The negative reaction is surprising because of the clarity of the official Catholic thought (Catholic Catechism) which is as follows:
   A)  Under no circumstances can they (homosexual acts) be approved CCC 2333
   B)   Every sign of unjust discrimination in their regard should be avoided. CCC 2358
   C)   Homosexual persons are called to chastity  CCC 2359
   D)  Sexuality is ordered to the conjugal love of man and woman CCC2360
   E)   Sexuality by means of which man and woman  give themselves to one another through acts which are proper and exclusive to spouses is not something simply biological…….it is an integral part of the love by which man and a woman commit themselves totally to one another until death…
To ignore the Church’s teaching is surely one form of disrespect for Christ and His Church but to misquote, misinform and even calumniate is totally unacceptable. A former helper from the parish of St. Thomas Aquinas and an openly homosexual Catholic is quoted with a series of appallingly false allegations about the Church approved  movement of Courage.
He is quoted in the local newspaper with the following  allegations:
  1.   Courage people are taught that they should pray to be made “straight.”
This is utterly false. A few seconds perusal of Courage literature would enlighten him that Courage works for the attainment  of Chastity. It does not “re-make’ people psychologically. Should some one pursue heterosexual orientation possibilities, such a choice is personal and not any stated goal of Courage which seeks only the attainment of living out God’s will for living chastely.
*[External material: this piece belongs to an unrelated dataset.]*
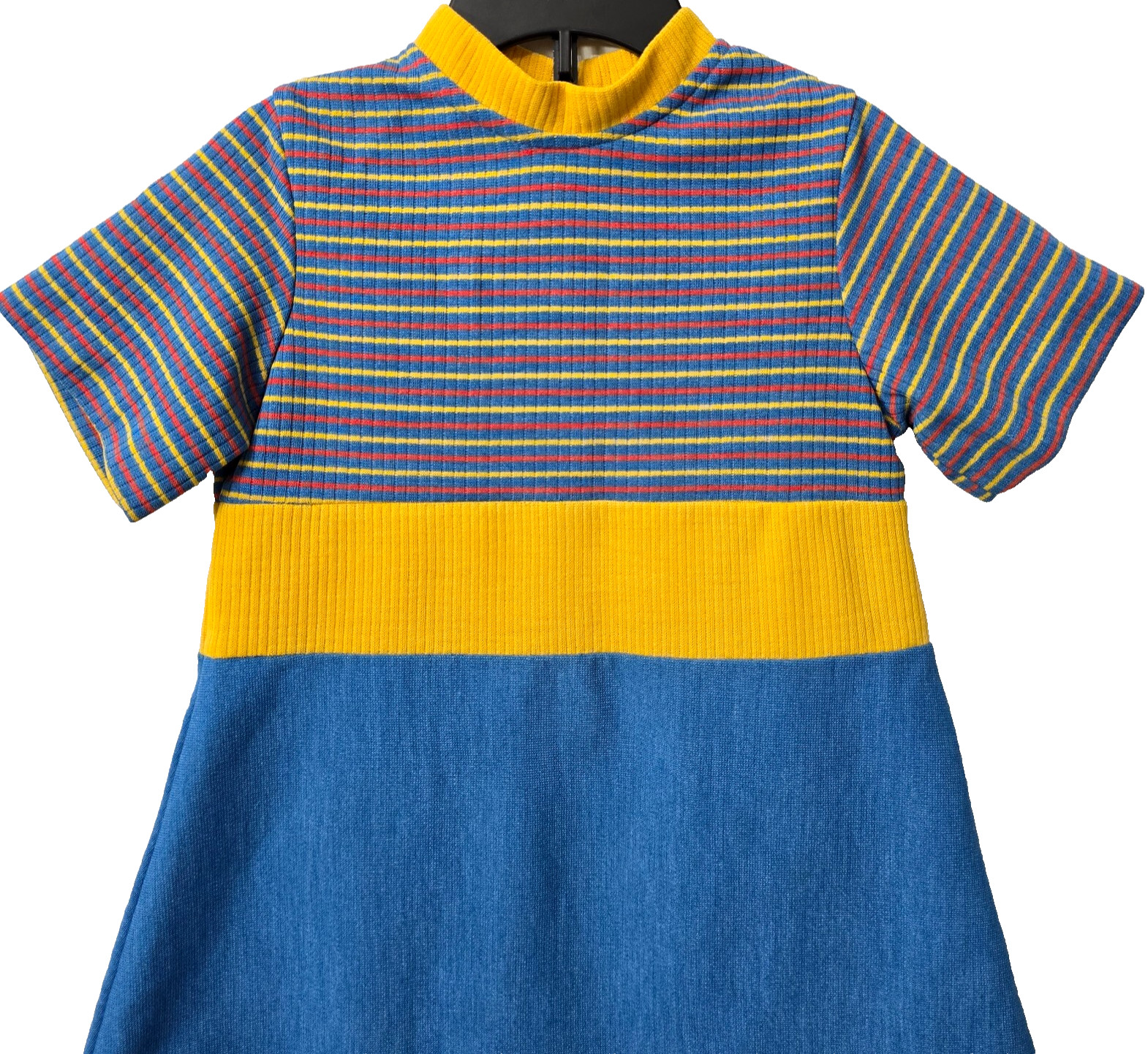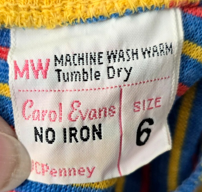 как выглядит Vintage JC Penney Knit Dress 6 Girl Short Sleeve Moc Neck Stripe 70s Carol Evans фото

The basic human needs for friendship, intimacy and love are accomplished in chaste relationships with God’s grace and the sanity of sexual sobriety.
  2.   Courage teaches the young, confused and frightened that they are damned, i.e. going to eternal hell.

This is also false. Deep in the structure of Courage, as in the  universal Church, one finds the  palpable awareness of the Mercy of the loving God. Courage, like the Church, always speaks of the ever present welcoming by God Who yearns to offer forgiveness for any sin. Like the Church, Courage will speak of the mercy offered to the woman caught in adultery but always with the necessary and often omitted requirement of Jesus---“Sin no more..”  or don’t do it again. Renovation of sinful ways is necessary. This is quite different from saying that being homosexual by orientation sends a soul to hell. Again nowhere in Courage does one find anything even remotely resembling the charge published in the paper.

One wonders if the person quoted is simply following his own agenda. Some persons can twist facts, realities or truth attempting to harmonize their personal behavior which conflicts with universal Catholic norms. Perhaps, they do not accept the Catholic teaching as noted above that homosexual acts are sinful. If that is the case, then, they are in real trouble with conscience strictures and integrity issues. This involves moral dissonance which ultimately, under honesty, demands either submission to what The Lord teaches or personal severance from the Church whose teachings one rejects.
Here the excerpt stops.